Monday, December 25, 2006

Albert Einstein -

He who joyfully marches to music in rank and file has already earned my contempt. He has been given a large brain by mistake, since for him the spinal cord would fully suffice.

William Pitt -

Necessity is the plea for every infringement of human freedom. It is the argument of tyrants; it is the creed of slaves.

Friday, December 22, 2006

John Gardner -

An excellent plumber is infinitely more admirable than an incompetent philosopher. The society that scorns excellence in plumbing because plumbing is a humble activity, and tolerates shoddiness in philosophy because philosophy is an exalted activity, will have neither good plumbing nor good philosophy. Neither its pipes nor its theories will hold water.

Tuesday, December 12, 2006

Jeane Kirkpatrick -

New powers have arisen: among them, the power of the media. Some people believe, and I am among them, that the power of the media today constitutes the most significant exercise of unaccountable power in our society. It is unaccountable to anyone, except for those who exercise the power. I believe that the domain of culture is as important as the domain of government or the economy. My view is that the domain of culture is more important than that of economics or government. It conditions the economy and it conditions government.~

Monday, December 11, 2006

Philip Dormer Stanhope, 4th Earl of Chesterfield, to the House of Lords in 1737 -

Let us consider, my lords, that arbitrary power has seldom or never been introduced into any country at once. It must be introduced by slow degrees, and as it were step by step, lest the people should see its approach. The barriers and fences of the people's liberty must be plucked up one by one, and some plausible pretences must be found for removing or hoodwinking, one after another, those sentries who are posted by the constitution of a free country, for warning the people of their danger. When these preparatory steps are once made, the people may then, indeed, with regret, see slavery and arbitrary power making long strides over their land; but it will be too late to think of preventing or avoiding the impending ruin.
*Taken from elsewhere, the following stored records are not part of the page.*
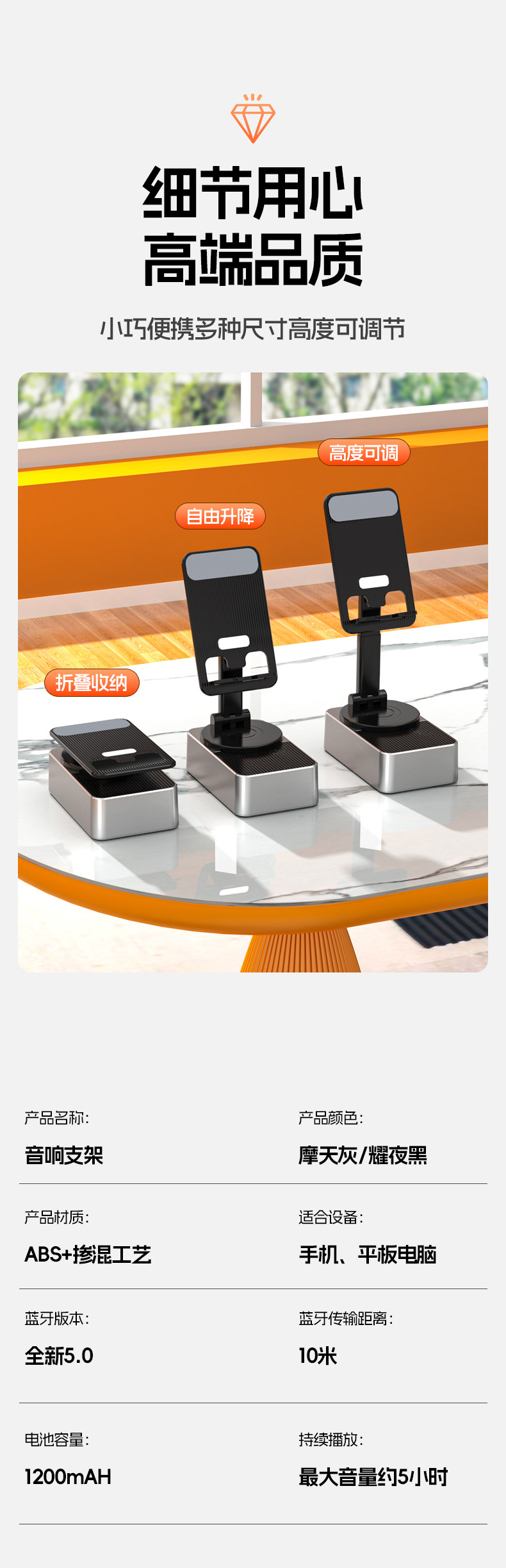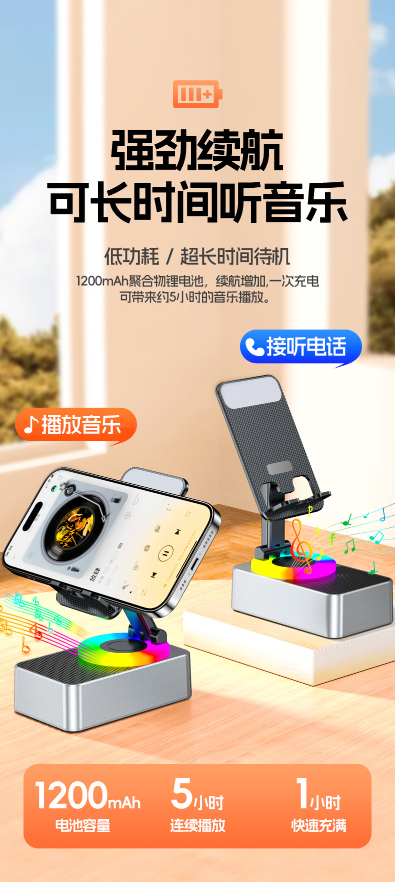 This 3-in-1 Mobile Phone Stand with Bluetooth Speaker and Power Bank is your ultimate on-the-go companion. Designed for versatility, it features a 360-degree rotatable and foldable stand, so you can enjoy hands-free viewing at any angle. The built-in Bluetooth speaker delivers impressive heavy bass for rich, clear sound, perfect for music or calls, and supports MP3 and WMA formats for wide compatibility. With a 1500mAh battery capacity, it doubles as a power bank, giving your phone a quick boost when you’re on the move. Available in sleek black and grey, this compact stand fits effortlessly into your bag, ready for any adventure. Recharge in just two hours and enjoy 3-8 hours of playback. Elevate your experience with this stylish, multifunctional accessory.
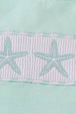 This playful green shorts set features charming starfish embroidery and a comfortable smocked waistband, perfect for sunny days and seaside adventures. Soft and breathable, it keeps your little one cool while adding a splash of fun to their wardrobe.
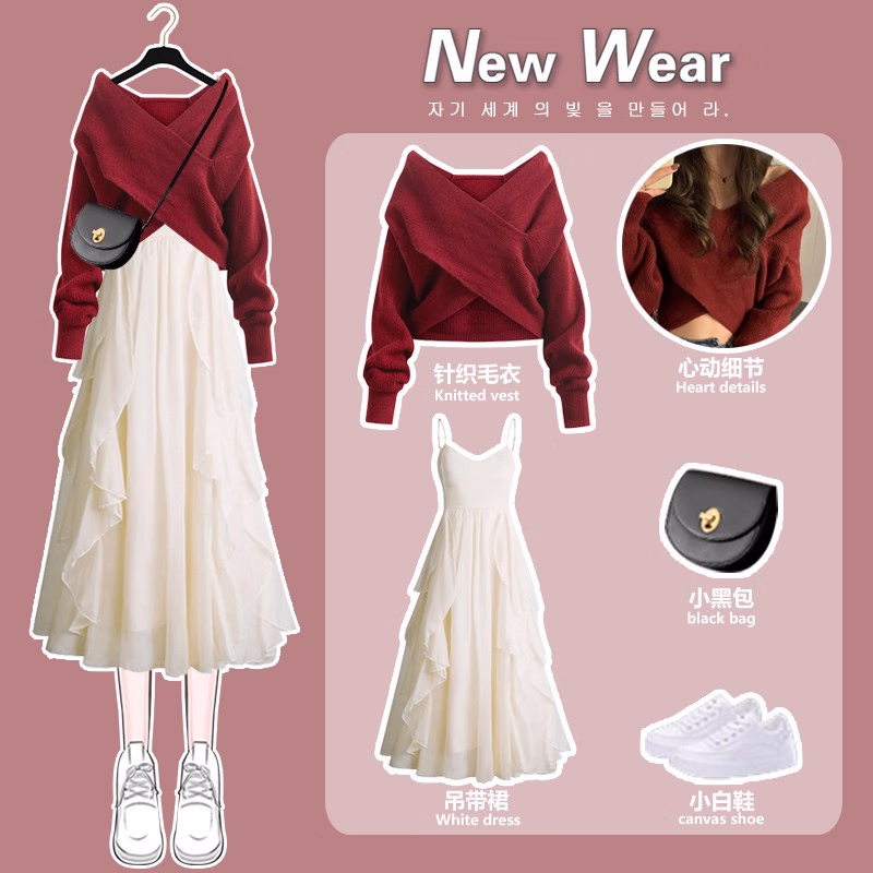 拉夏贝尔连衣裙女装新品2022春季新款韩版时尚针织收腰显瘦小个子套装裙 红色 M

Saturday, December 02, 2006

William Shakespeare, Julius Caesar -

There is tide in the affairs of men, Which, taken at the flood, leads on to fortune; Omitted, all the voyage of their life Is bound in shallows and in miseries. On such a full sea are we now afloat, And we must take the current where it serves, Or lose our ventures.

Saturday, November 18, 2006

Milton Friedman -

The essence of political freedom is the absence of coercion of one man by his fellow men. The fundamental danger to political freedom is the concentration of power. The existence of a large measure of power in the hands of a relatively few individuals enables them to use it to coerce their fellow men. Preservation of freedom requires either the elimination of power where that is possible, or its dispersal where it cannot be eliminated.

Saturday, November 11, 2006

George Orwell -

In our age there is no such thing as "keeping out of politics." All issues are political issues, and politics itself is a mass of lies, evasions, folly, hatred and schizophrenia.

Sunday, October 29, 2006

H.P. Lovecraft -

If religion were true, its followers would not try to bludgeon their young into an artificial conformity; but would merely insist on their unbending quest for truth, irrespective of artificial backgrounds or practical consequences.

Tuesday, October 24, 2006

C. S. Lewis -

"Of all tyrannies a tyranny sincerely exercised for the good of its victims may be the most oppressive. It may be better to live under robber barons than under omnipotent moral busybodies, The robber baron's cruelty may sometimes sleep, his cupidity may at some point be satiated; but those who torment us for own good will torment us without end, for they do so with the approval of their own conscience."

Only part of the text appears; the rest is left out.